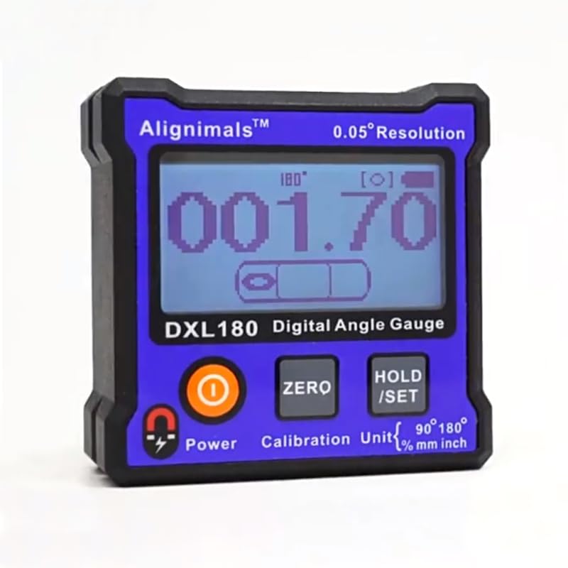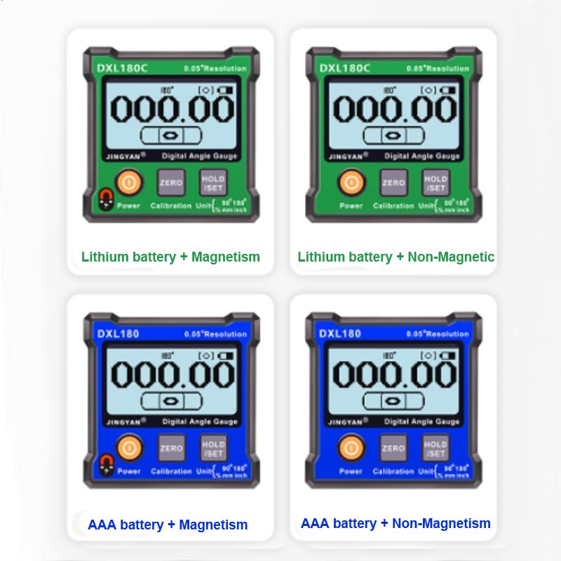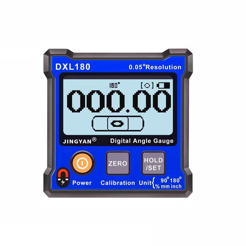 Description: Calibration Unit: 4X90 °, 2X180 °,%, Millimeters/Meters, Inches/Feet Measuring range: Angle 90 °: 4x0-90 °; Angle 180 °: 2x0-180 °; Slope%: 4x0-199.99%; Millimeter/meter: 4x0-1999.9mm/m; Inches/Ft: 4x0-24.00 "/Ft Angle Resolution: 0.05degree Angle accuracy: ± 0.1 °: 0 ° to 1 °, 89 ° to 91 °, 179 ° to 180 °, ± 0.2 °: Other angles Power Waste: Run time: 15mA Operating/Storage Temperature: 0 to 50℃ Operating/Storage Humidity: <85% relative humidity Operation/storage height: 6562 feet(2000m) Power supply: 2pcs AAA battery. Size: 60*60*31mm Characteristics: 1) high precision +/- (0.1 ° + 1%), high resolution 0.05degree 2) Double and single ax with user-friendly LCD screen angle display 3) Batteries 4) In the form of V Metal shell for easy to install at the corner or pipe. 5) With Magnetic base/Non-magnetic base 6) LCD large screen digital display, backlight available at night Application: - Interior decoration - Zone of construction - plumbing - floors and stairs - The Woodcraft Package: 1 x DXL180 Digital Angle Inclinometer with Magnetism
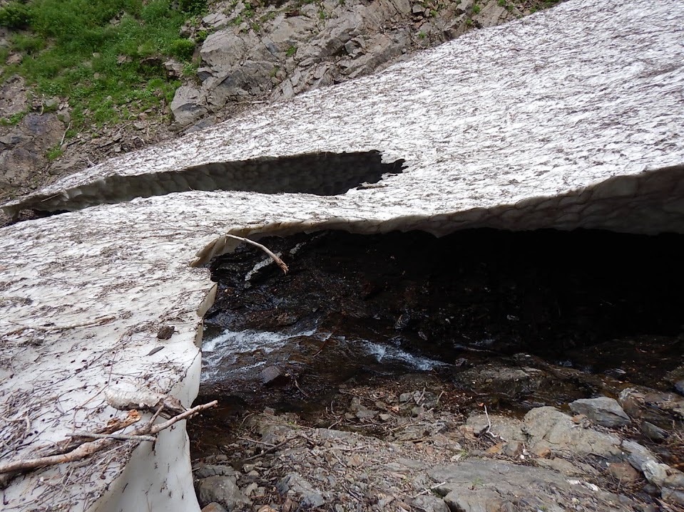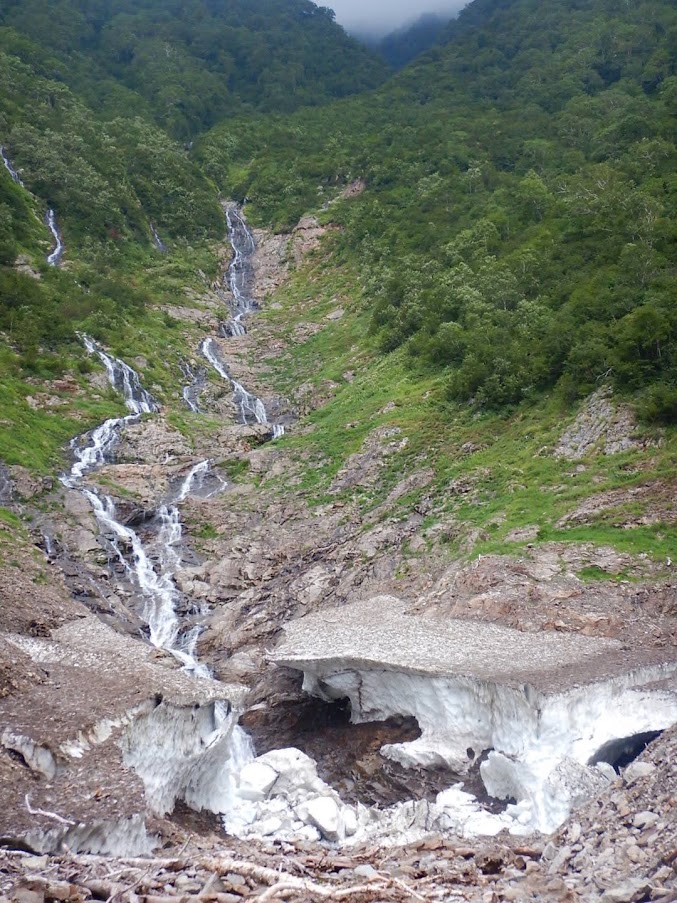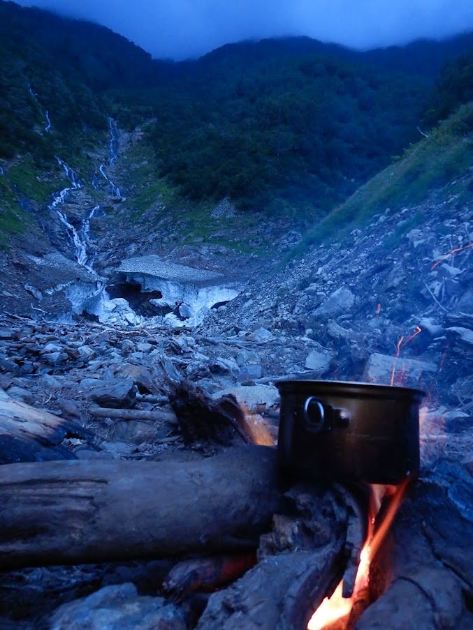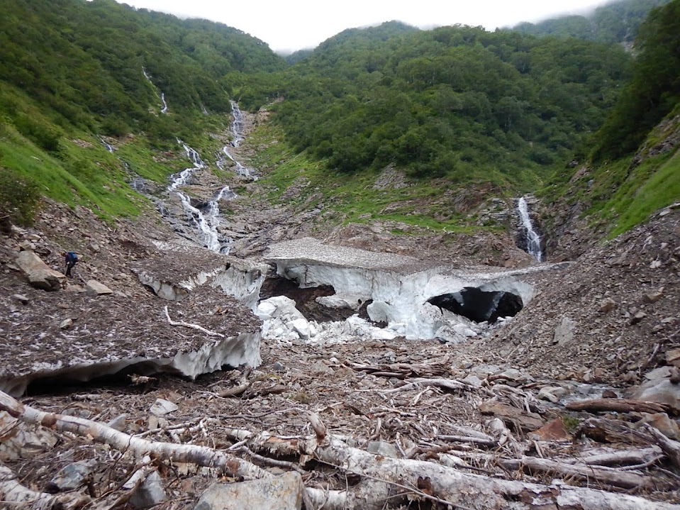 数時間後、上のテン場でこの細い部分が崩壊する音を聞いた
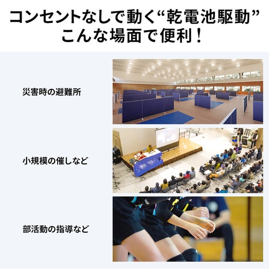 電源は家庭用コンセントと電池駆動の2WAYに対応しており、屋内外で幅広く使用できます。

==

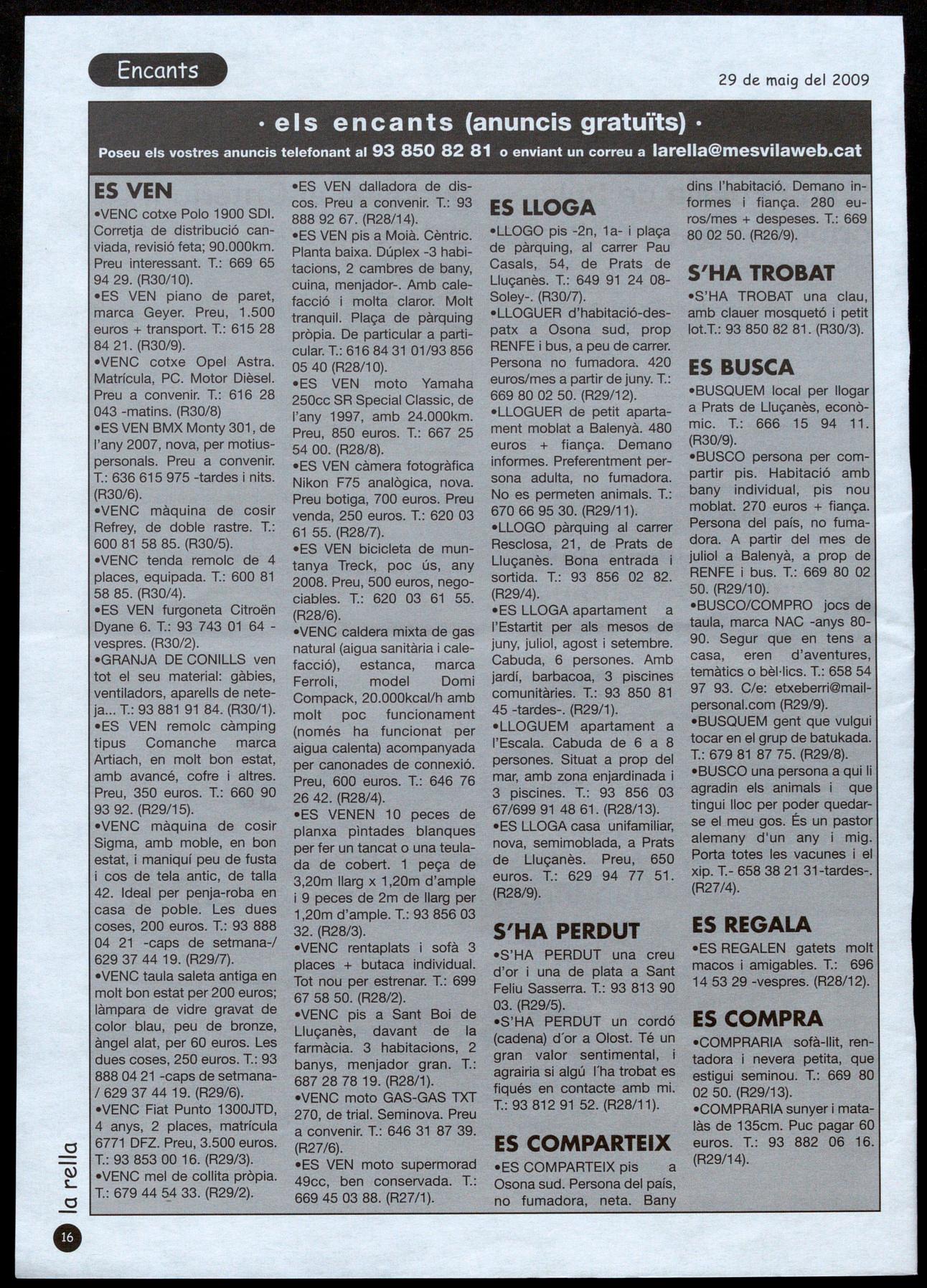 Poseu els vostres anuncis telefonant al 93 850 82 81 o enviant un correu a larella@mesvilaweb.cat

**Assignment**: What are the lines in the records above, word for word, from the one containing "数時間後、上のテン場でこの細い部分が崩壊する音を聞いた" through the one containing "電源は家庭用コンセントと電池", both ends included and pictures left out?

**Task result**:
 数時間後、上のテン場でこの細い部分が崩壊する音を聞いた
 電源は家庭用コンセントと電池駆動の2WAYに対応しており、屋内外で幅広く使用できます。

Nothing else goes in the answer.